### TASK
Give again, exactly as written, each line of the material below starting at the line that contains "Originally released in" and ending at the line that contains "Входной поток разделяется". Both ends count, and no other line does.

### AVAILABLE DATA

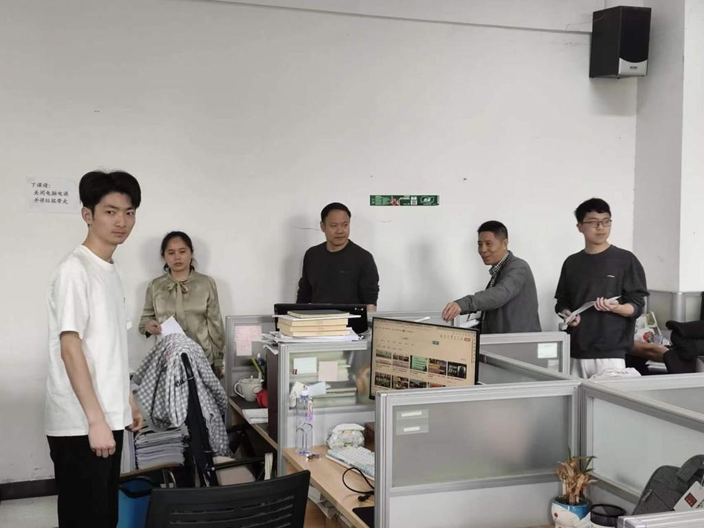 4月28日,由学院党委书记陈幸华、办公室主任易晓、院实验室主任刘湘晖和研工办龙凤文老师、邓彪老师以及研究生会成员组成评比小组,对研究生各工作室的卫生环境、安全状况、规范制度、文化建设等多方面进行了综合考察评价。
--
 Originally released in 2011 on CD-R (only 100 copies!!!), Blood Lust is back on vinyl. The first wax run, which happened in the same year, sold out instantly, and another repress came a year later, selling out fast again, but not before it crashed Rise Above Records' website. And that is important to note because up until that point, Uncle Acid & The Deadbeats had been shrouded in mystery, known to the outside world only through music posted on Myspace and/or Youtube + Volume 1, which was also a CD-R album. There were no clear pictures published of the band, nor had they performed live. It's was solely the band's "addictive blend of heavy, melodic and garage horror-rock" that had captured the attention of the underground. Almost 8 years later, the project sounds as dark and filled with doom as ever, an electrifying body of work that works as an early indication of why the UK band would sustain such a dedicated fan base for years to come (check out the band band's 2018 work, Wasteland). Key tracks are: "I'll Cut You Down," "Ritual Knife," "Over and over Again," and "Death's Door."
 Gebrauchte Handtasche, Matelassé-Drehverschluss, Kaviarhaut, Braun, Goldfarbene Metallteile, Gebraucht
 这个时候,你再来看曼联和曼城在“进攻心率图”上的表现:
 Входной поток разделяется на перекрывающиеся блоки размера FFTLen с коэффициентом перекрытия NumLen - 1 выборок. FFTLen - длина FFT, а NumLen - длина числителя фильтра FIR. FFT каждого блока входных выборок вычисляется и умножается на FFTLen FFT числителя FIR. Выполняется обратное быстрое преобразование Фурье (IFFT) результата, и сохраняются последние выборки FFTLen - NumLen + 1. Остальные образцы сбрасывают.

### SOLUTION BELOW
 Originally released in 2011 on CD-R (only 100 copies!!!), Blood Lust is back on vinyl. The first wax run, which happened in the same year, sold out instantly, and another repress came a year later, selling out fast again, but not before it crashed Rise Above Records' website. And that is important to note because up until that point, Uncle Acid & The Deadbeats had been shrouded in mystery, known to the outside world only through music posted on Myspace and/or Youtube + Volume 1, which was also a CD-R album. There were no clear pictures published of the band, nor had they performed live. It's was solely the band's "addictive blend of heavy, melodic and garage horror-rock" that had captured the attention of the underground. Almost 8 years later, the project sounds as dark and filled with doom as ever, an electrifying body of work that works as an early indication of why the UK band would sustain such a dedicated fan base for years to come (check out the band band's 2018 work, Wasteland). Key tracks are: "I'll Cut You Down," "Ritual Knife," "Over and over Again," and "Death's Door."
 Gebrauchte Handtasche, Matelassé-Drehverschluss, Kaviarhaut, Braun, Goldfarbene Metallteile, Gebraucht
 这个时候,你再来看曼联和曼城在“进攻心率图”上的表现:
 Входной поток разделяется на перекрывающиеся блоки размера FFTLen с коэффициентом перекрытия NumLen - 1 выборок. FFTLen - длина FFT, а NumLen - длина числителя фильтра FIR. FFT каждого блока входных выборок вычисляется и умножается на FFTLen FFT числителя FIR. Выполняется обратное быстрое преобразование Фурье (IFFT) результата, и сохраняются последние выборки FFTLen - NumLen + 1. Остальные образцы сбрасывают.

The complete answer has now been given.